As a member of the U.S. House of Representatives, Taylor served two terms, participating in the 116th and 117th Congresses from January 3, 2019, to January 3, 2023. Representing a rapidly growing and diversifying suburban constituency in Collin County, he contributed to the legislative process and participated in the democratic governance of the nation while advocating for the interests of his district. He was unopposed in the 2020 Republican primary and faced Democrat Lulu Seikaly in the general election. Observers considered him potentially vulnerable due to demographic changes in the district and its high proportion of college-educated voters, a group that had been trending away from the Republican Party. Taylor was reelected by more than 12 percentage points even as President Donald Trump carried the district by only a one-point margin, underscoring both the competitiveness of the area and his personal electoral strength. In Congress, Taylor’s voting record reflected a generally conservative orientation with occasional departures from party leadership. He was among 129 Republicans who opposed President Trump’s withdrawal of U.S. forces from Syria, and he was one of two House Republicans to co-sponsor the Juneteenth National Independence Day Act, which ultimately established Juneteenth as a federal holiday.

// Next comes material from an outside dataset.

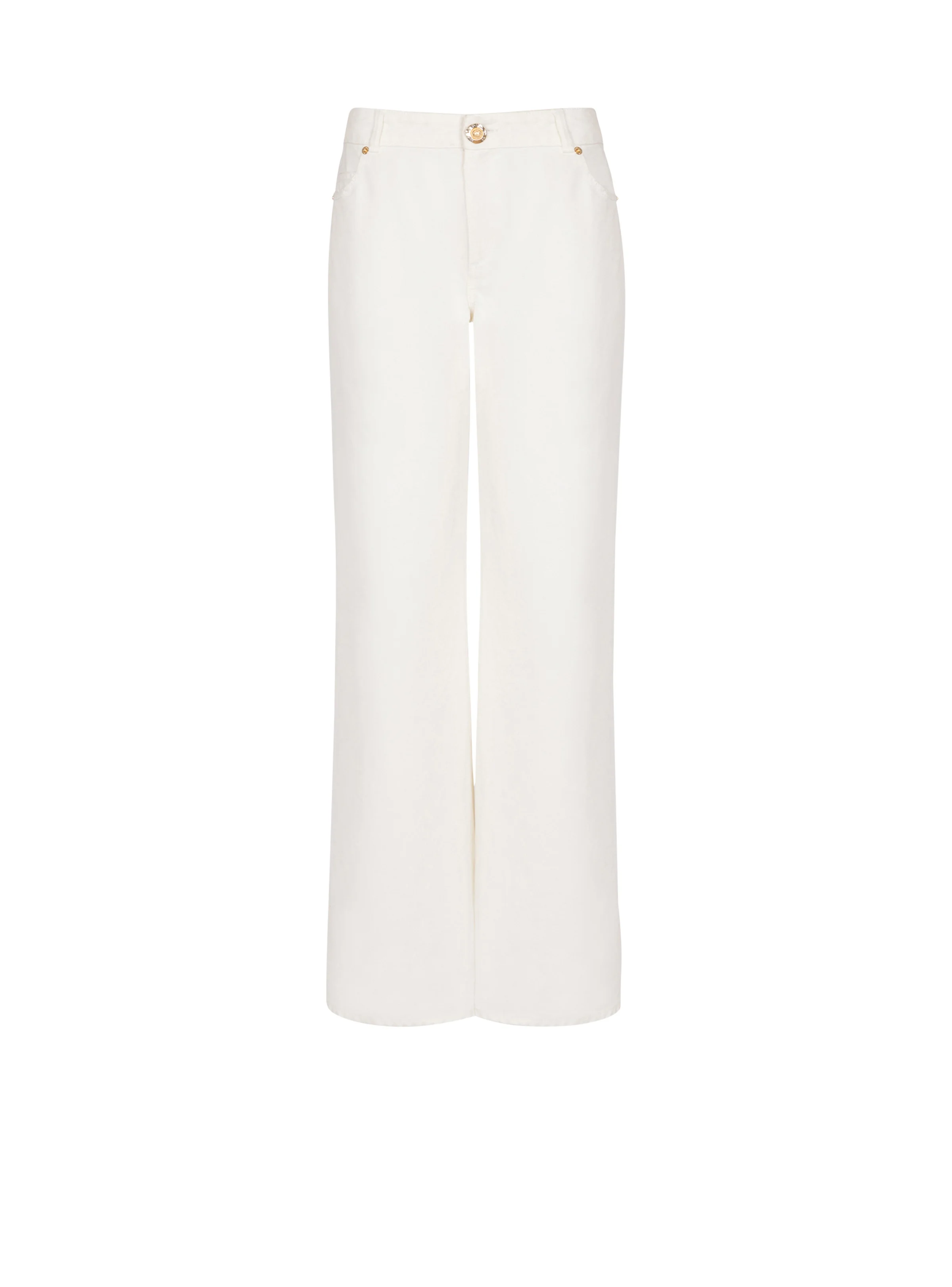 Plain denim jeans - Waistband with belt loops and a triple belt loop at the back - “Gold and Gold Coin” metal button fastening with zip and fly - 5 classic pockets - Woven Balmain Vintage label on the back - Engraved rivets - Gold hardware - Worn-effect finish - Straight cut - Model measures 179cm and wears a size 36 - Main material: 100% cotton - Made in Romania - Item: FF1MI050DF78

Taylor’s congressional service occurred during a significant period in American history, encompassing the latter years of the Trump administration, the onset of the COVID-19 pandemic, and the early portion of the Biden administration. On March 2, 2022, amid his campaign for a third term, Taylor publicly admitted to an extramarital affair and announced that he would suspend his reelection campaign and retire at the end of the 117th Congress. He completed his term, which concluded on January 3, 2023, and then left office, bringing to a close more than a decade of continuous elected service at the state and federal levels.